The estimation methods of the sample variance generally used in Istat are based on the method of linearization of Woodruff (1971) which provides estimates of the sample variance in the case where the estimators used are non-linear functions of the sample data.

This variance estimation methods are implemented by Istat in the generalized software GENESEES and ReGenesees, which feature a user friendly interface and are currently used to estimate the sampling errors of the estimates produced by Istat surveys.

In addition, by means of these software, it is possible to compute important analysis statistics which provide useful tools to evaluate the adopted sampling design.

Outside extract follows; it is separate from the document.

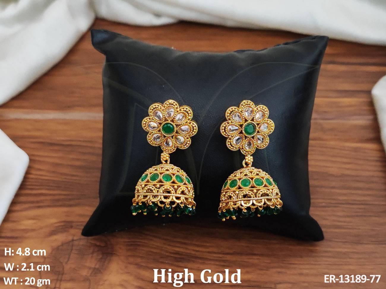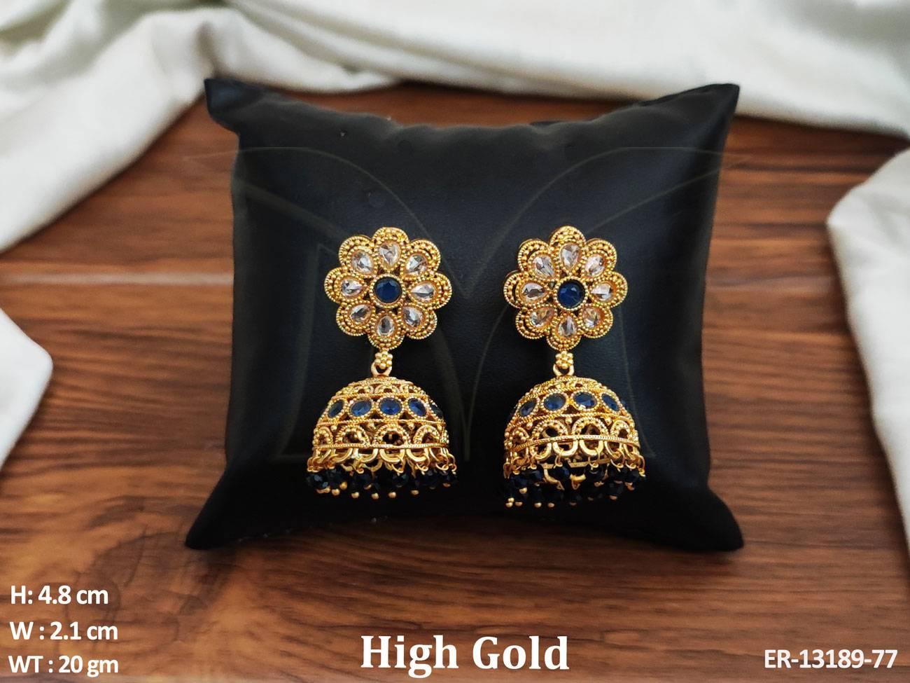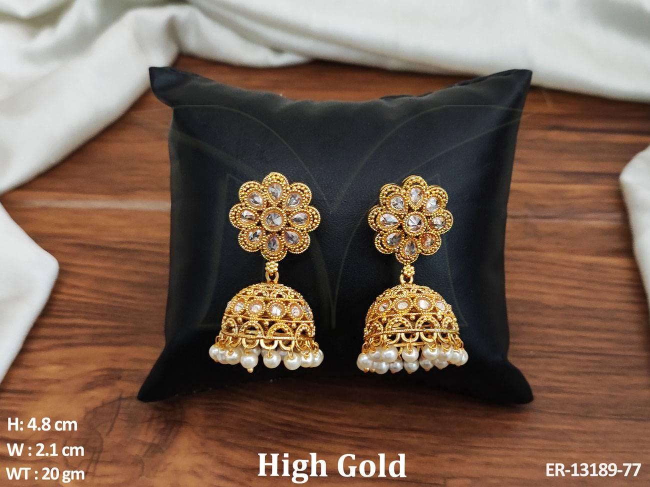 2. High Gold Polish Fancy Style Party wear Antique Jhumka Beautiful Earring

In particular it is possible to evaluate:

- the overall efficiency of the sampling design;
- the impact on the efficiency of the estimates due to stratification, the number and type of selection stages and weighting effect.

It is important to point out that a generalized variance errors representation is also provided. It is a summary obtained making use of regression models that relate the estimates with the corresponding sampling errors. These models provide important summary information on sampling errors and are disseminated together with the tables reporting the estimate values.